International Association for Cryptologic Research

International Association
for Cryptologic Research

IACR News item: 15 September 2020

Ivan Damgård, Claudio Orlandi, Akira Takahashi, Mehdi Tibouchi
ePrint Report ePrint Report
Although they have been studied for a long time, distributed signature protocols have garnered renewed interest in recent years in view of novel applications to topics like blockchains. Most recent works have focused on distributed versions of ECDSA and over variants of Schnorr signatures, however, and in particular, little attention has been given to constructions based on post-quantum secure assumptions like the hardness of lattice problems. A few lattice-based threshold signature and multi-signature schemes have been proposed in the literature, but they either rely on hash-and-sign lattice signatures (which tend to be comparatively inefficient), use expensive generic transformations, or contain subtle issues in their security proofs.

In this paper, we construct several lattice-based distributed signing protocols with low round complexity following the Fiat--Shamir with Aborts paradigm of Lyubashevsky (Asiacrypt 2009).
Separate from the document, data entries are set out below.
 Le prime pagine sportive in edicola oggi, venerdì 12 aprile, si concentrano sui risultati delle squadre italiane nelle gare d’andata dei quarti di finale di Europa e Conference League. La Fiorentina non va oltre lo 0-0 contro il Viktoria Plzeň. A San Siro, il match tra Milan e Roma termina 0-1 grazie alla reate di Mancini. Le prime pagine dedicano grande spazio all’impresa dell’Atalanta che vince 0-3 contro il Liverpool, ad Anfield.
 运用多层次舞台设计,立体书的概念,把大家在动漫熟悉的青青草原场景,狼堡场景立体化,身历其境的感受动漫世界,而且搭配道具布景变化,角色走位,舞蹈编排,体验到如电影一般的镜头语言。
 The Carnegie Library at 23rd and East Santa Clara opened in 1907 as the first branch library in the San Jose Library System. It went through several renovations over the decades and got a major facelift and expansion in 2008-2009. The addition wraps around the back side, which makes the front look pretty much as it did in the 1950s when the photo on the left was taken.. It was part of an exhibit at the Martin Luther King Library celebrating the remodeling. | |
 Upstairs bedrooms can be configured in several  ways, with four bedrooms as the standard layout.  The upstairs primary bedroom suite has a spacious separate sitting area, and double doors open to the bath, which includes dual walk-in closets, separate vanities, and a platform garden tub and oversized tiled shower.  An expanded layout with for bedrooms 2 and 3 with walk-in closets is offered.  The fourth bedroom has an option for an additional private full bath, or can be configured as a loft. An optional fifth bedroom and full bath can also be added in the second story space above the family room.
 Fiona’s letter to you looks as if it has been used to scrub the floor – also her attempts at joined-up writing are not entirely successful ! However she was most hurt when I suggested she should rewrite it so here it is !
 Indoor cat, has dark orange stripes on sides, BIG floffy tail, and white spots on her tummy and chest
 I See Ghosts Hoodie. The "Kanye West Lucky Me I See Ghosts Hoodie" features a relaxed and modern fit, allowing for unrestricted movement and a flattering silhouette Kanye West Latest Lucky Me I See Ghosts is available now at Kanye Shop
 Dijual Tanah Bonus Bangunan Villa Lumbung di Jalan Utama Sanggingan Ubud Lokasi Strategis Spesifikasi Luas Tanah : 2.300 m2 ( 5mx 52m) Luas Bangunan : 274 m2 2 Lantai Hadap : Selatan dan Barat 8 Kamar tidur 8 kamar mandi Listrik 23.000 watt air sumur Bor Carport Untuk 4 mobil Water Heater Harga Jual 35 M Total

Our protocols can be seen as distributed variants of the fast Dilithium-G signature scheme. A key step to achieve security (overlooked in some earlier papers) is to prevent the leakage that can occur when parties abort after their first message---which can inevitably happen in the Fiat--Shamir with Aborts setting. We manage to do so using lattice-based homomorphic commitments as constructed by Baum et al. (SCN 2018).
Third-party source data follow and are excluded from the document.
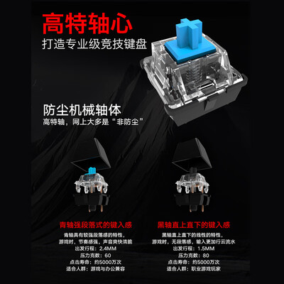 键盘采用机械青轴设计,二段式的段落感有着清脆的触感,体验效果佳。而且键盘经过5000万次敲击寿命,品质可靠。
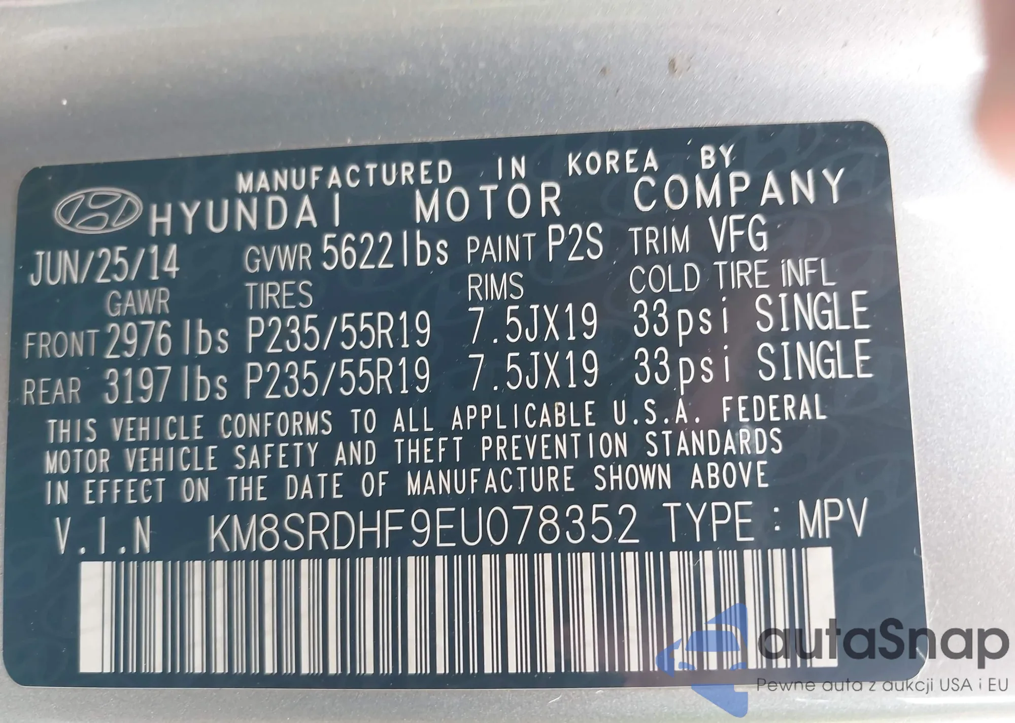 VIN: KM8SRDHF9EU078352
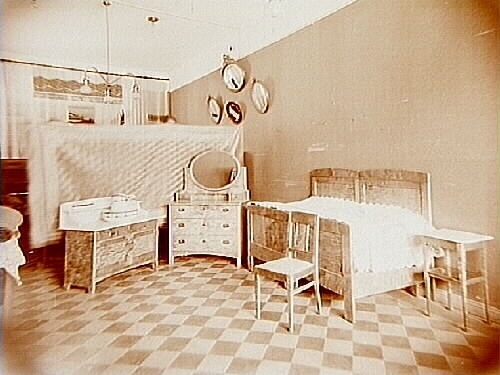 Sängkammarmöbel, två sängar, två nattduksbord, en spegelbyrå och en lavoar.
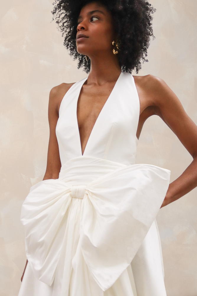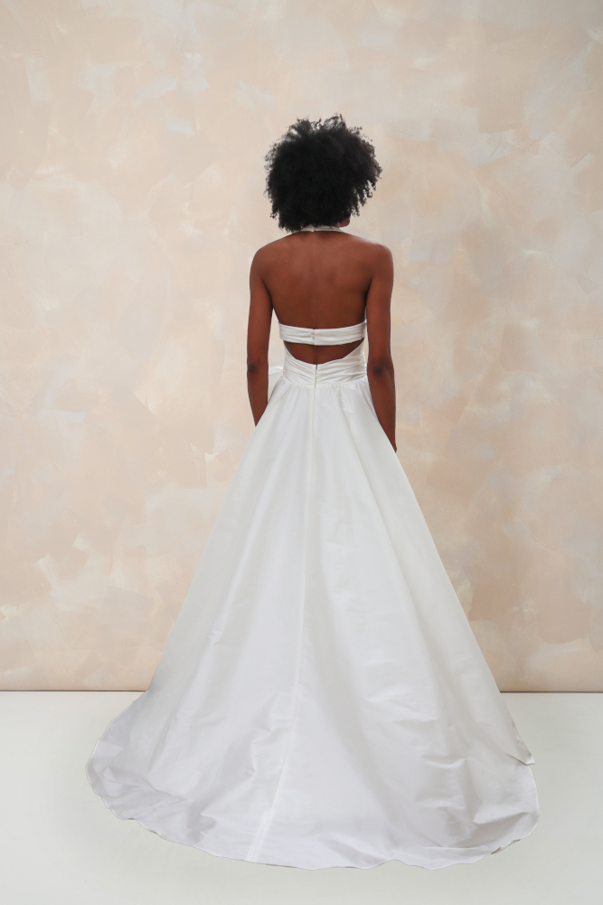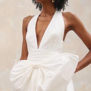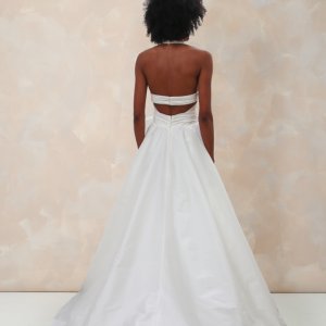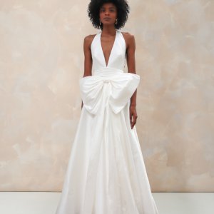 by Rembo – MaryliseShe Loves You est une robe de mariée à encolure américaine en taffetas. Le corsage profondément décolleté mettra en valeur les petites poitrines. La taille est marquée par une large ceinture de taffetas drapé. Un ample nœud amovible habille le devant de la robe. Le dos nu se termine en une traine légère.

We first propose a three-round $n$-out-of-$n$ signature from Module-LWE with tight security (using ideas from lossy identification schemes). Then, we further reduce the complexity to two rounds, at the cost of relying on Module-SIS as an additional assumption, losing tightness due to the forking lemma, and requiring somewhat more expensive trapdoor commitments. The construction of suitable trapdoor commitments from lattices is a side contribution of this paper. Finally, we also obtain a two-round multi-signature scheme as a variant of our two-round $n$-out-of-$n$ protocol.